The problem:
All lines in the records below from the line with "The most crucial" through the line with "Таблетки для посудомоечной" are to be given again exactly, both ends included; the pictures are to be left out.

Data to examine:
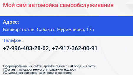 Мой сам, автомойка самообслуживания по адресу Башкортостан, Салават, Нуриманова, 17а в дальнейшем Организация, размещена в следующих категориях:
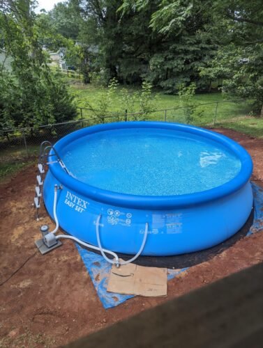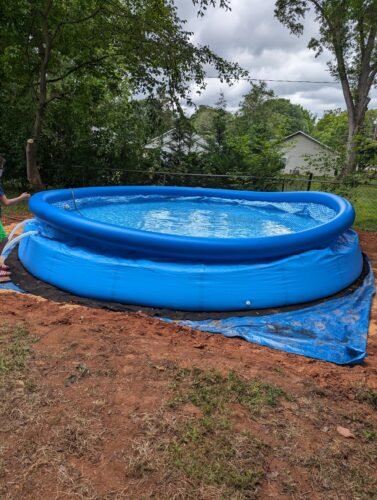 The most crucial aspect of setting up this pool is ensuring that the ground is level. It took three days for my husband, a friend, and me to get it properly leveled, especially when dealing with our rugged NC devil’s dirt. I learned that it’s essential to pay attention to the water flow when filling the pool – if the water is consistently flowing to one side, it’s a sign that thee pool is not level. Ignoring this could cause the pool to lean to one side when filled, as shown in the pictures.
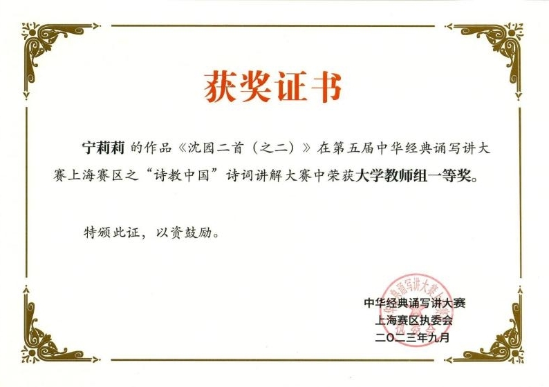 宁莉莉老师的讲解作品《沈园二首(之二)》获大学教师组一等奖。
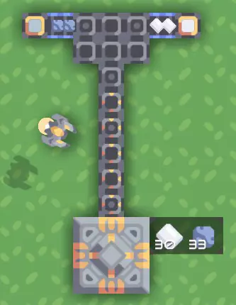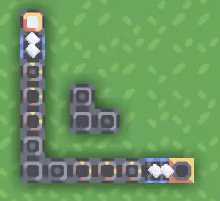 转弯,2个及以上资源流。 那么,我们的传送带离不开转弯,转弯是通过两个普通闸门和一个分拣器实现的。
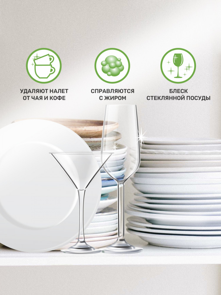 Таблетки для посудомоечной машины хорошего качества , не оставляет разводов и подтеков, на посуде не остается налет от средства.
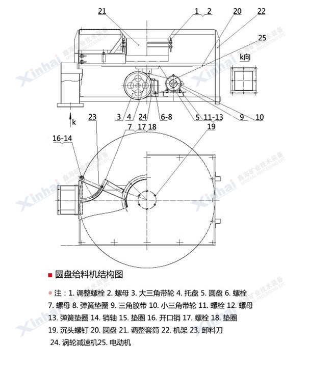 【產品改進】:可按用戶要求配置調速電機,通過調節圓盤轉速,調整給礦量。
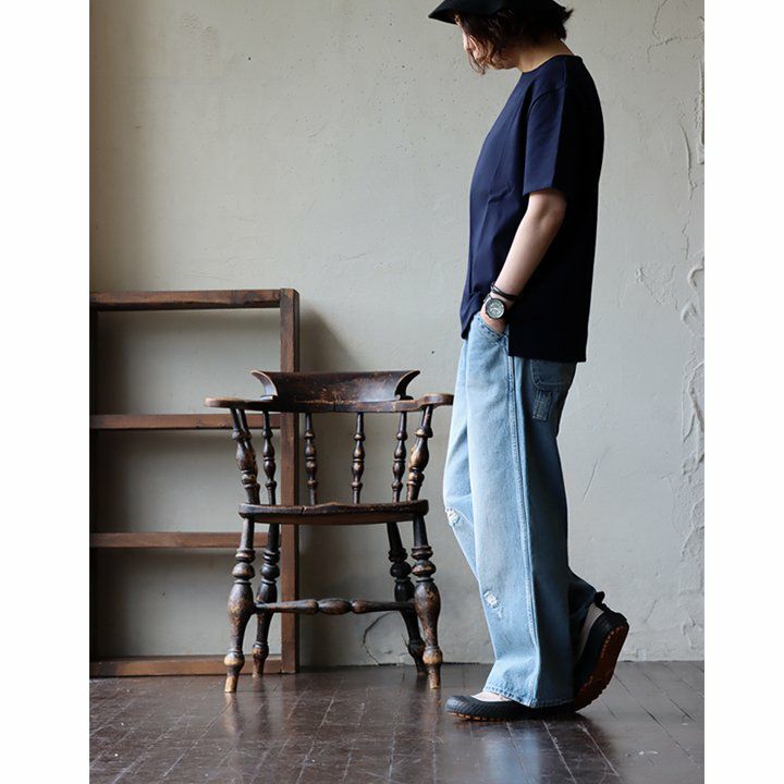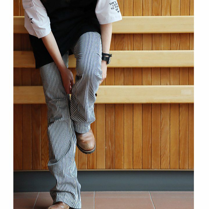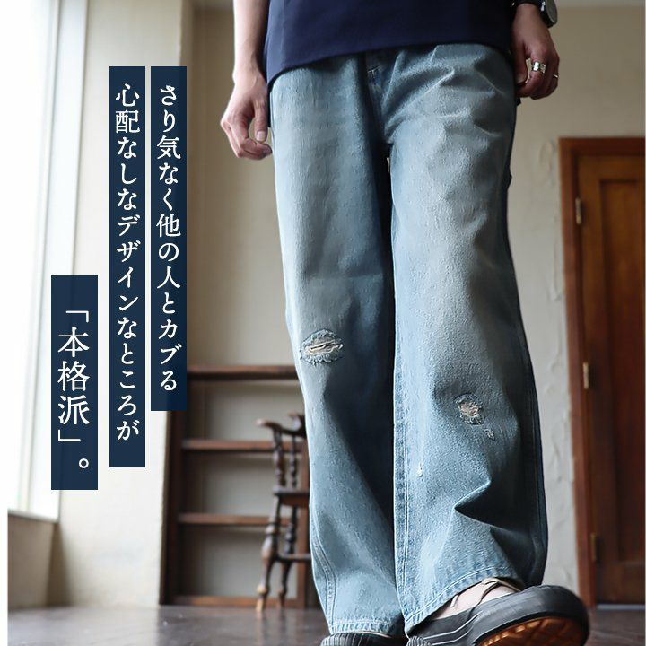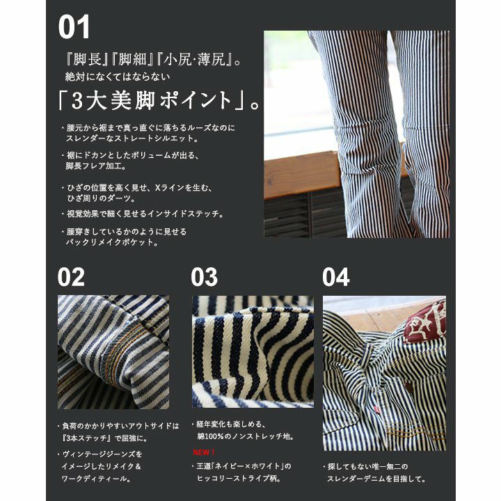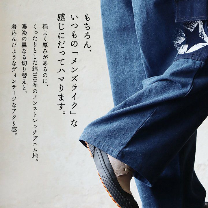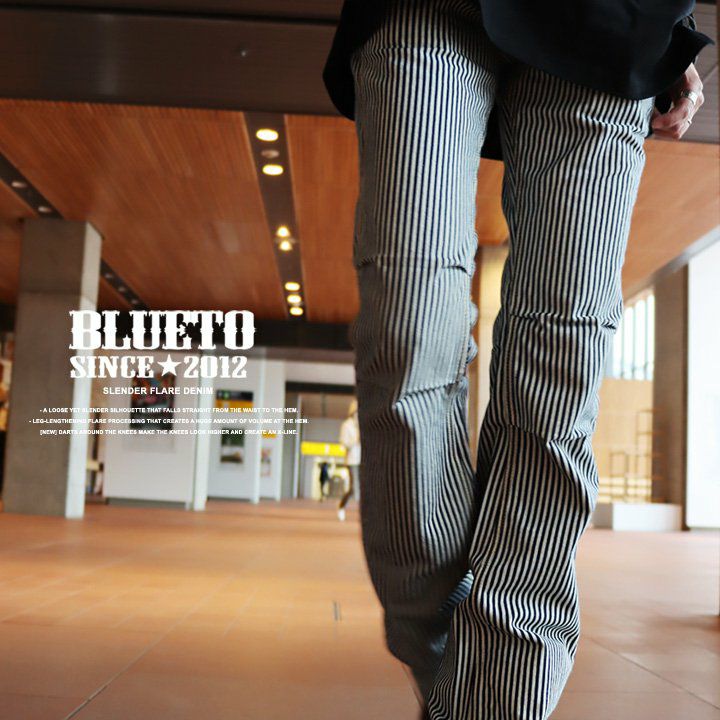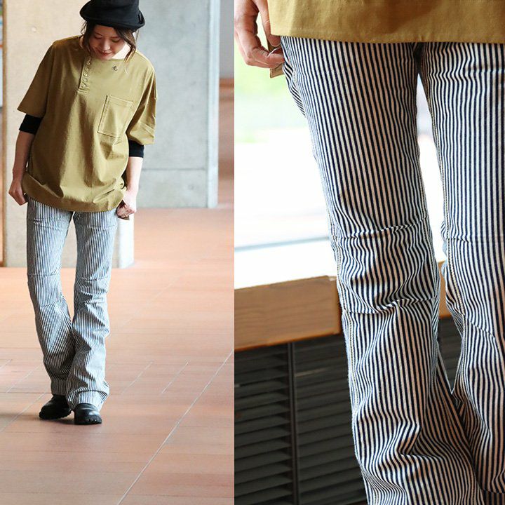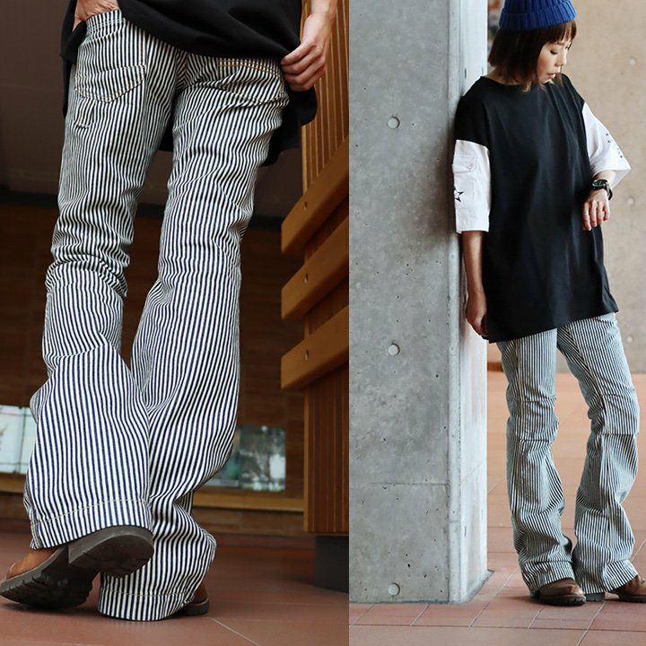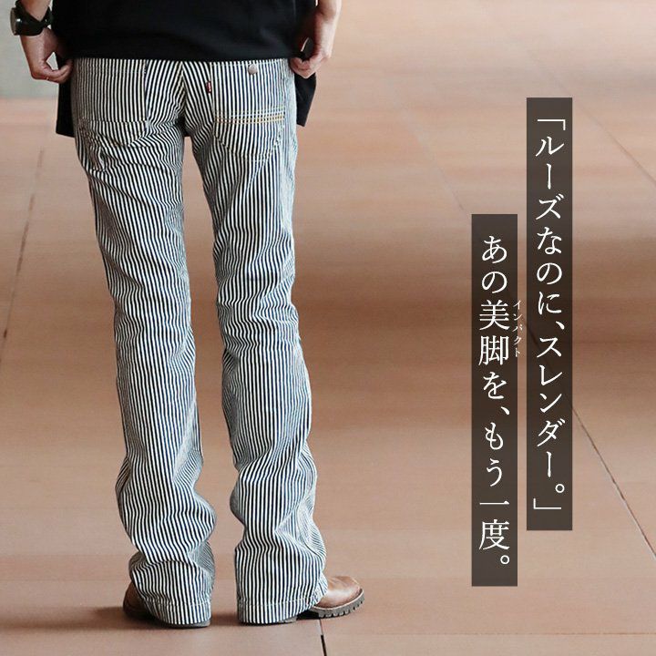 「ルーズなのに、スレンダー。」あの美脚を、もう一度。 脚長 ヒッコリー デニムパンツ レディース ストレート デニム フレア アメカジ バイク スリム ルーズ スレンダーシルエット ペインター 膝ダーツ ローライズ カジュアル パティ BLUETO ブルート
...
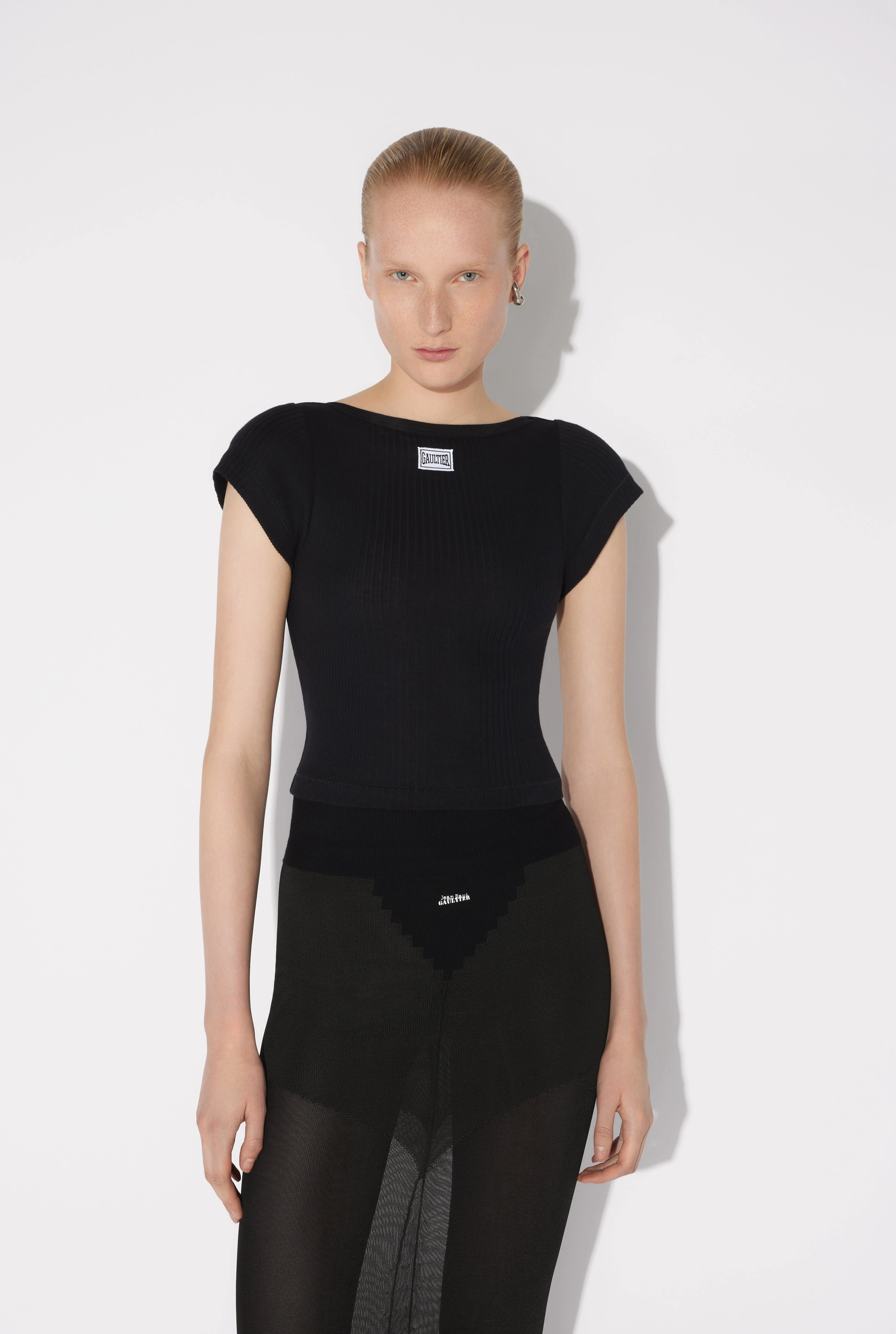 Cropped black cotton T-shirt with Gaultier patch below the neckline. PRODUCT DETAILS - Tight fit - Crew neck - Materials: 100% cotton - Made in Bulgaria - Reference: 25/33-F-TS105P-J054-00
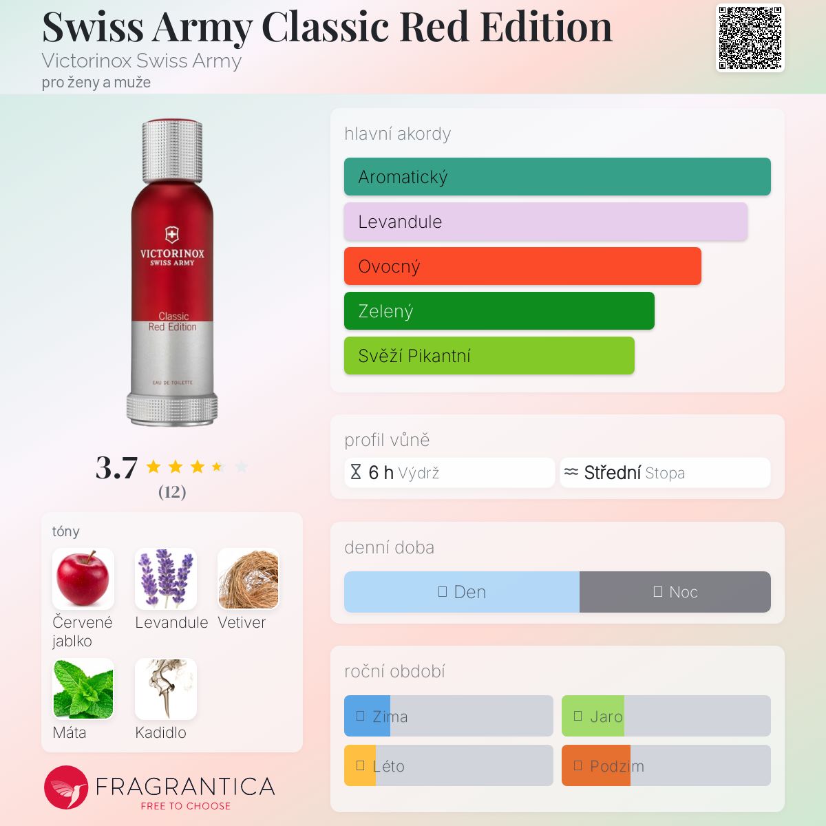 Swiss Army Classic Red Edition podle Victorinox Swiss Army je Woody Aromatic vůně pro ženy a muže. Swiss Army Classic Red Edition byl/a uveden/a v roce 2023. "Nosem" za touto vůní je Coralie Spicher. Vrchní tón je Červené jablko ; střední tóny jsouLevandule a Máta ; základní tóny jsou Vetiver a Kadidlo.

Solution for this task:
 The most crucial aspect of setting up this pool is ensuring that the ground is level. It took three days for my husband, a friend, and me to get it properly leveled, especially when dealing with our rugged NC devil’s dirt. I learned that it’s essential to pay attention to the water flow when filling the pool – if the water is consistently flowing to one side, it’s a sign that thee pool is not level. Ignoring this could cause the pool to lean to one side when filled, as shown in the pictures.
 宁莉莉老师的讲解作品《沈园二首(之二)》获大学教师组一等奖。
 转弯,2个及以上资源流。 那么,我们的传送带离不开转弯,转弯是通过两个普通闸门和一个分拣器实现的。
 Таблетки для посудомоечной машины хорошего качества , не оставляет разводов и подтеков, на посуде не остается налет от средства.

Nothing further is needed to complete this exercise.